## Problem description
Once you find the line with "Die Statistiken hier", output it and every line after it exactly, through the last line of the listing, but no pictures.

::: Data provided :::

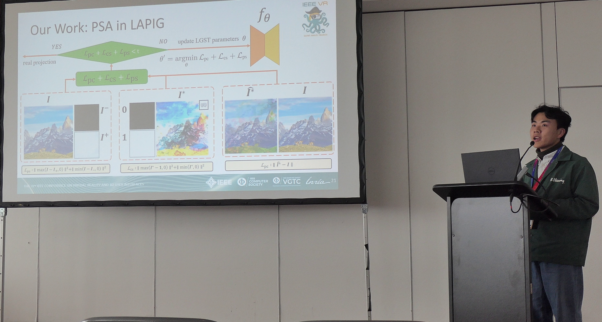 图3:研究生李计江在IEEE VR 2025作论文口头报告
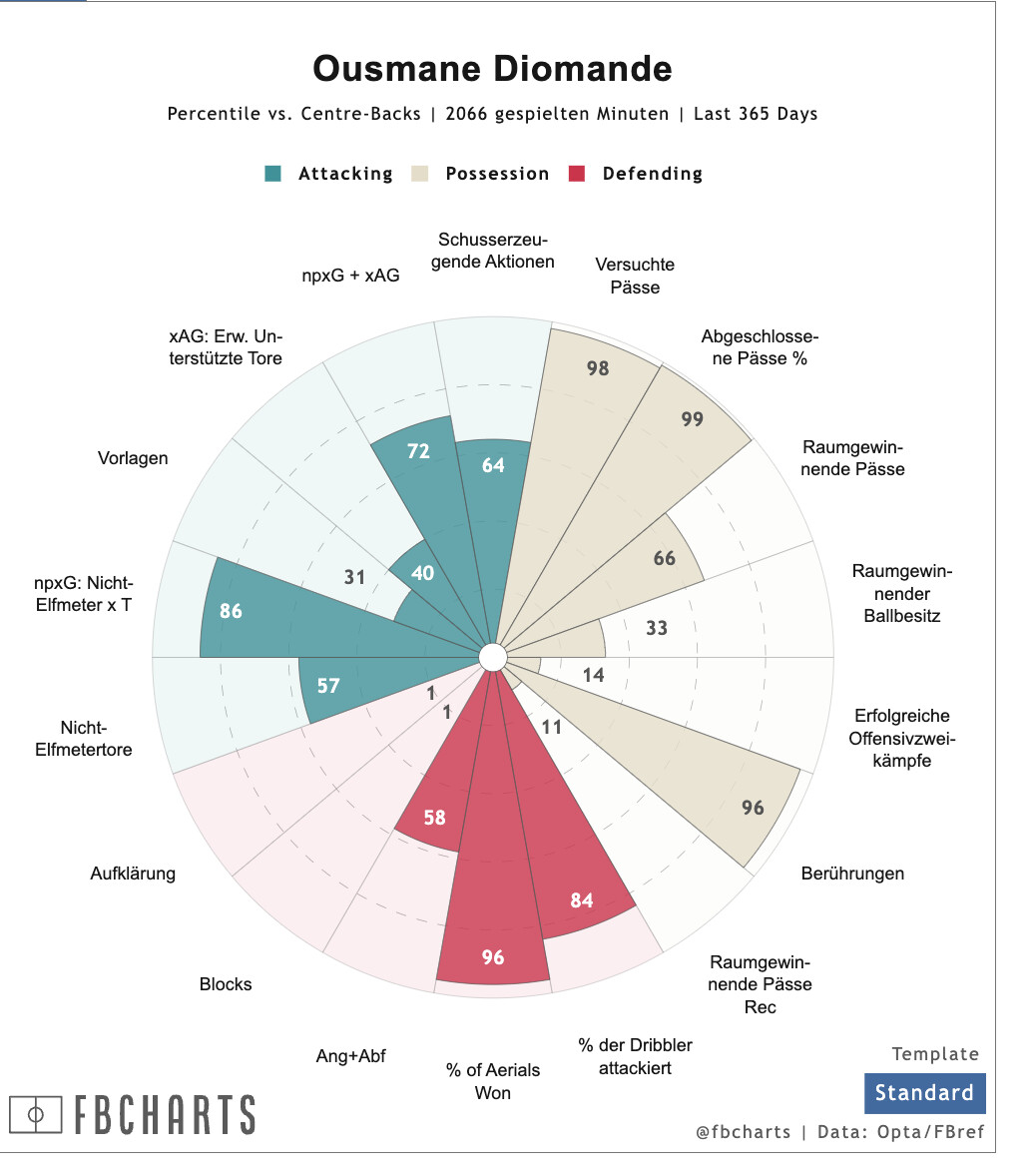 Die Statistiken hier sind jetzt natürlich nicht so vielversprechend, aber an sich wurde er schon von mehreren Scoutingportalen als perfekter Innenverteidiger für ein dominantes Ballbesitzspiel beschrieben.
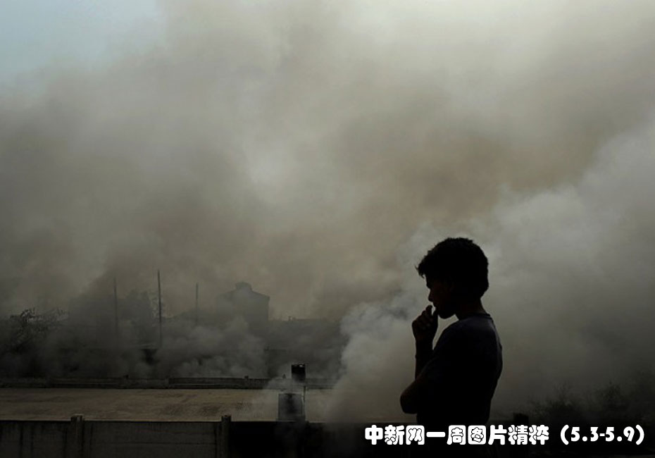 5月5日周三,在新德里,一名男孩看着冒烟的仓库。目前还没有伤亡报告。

:::

## Answer to this exercise
 Die Statistiken hier sind jetzt natürlich nicht so vielversprechend, aber an sich wurde er schon von mehreren Scoutingportalen als perfekter Innenverteidiger für ein dominantes Ballbesitzspiel beschrieben.
 5月5日周三,在新德里,一名男孩看着冒烟的仓库。目前还没有伤亡报告。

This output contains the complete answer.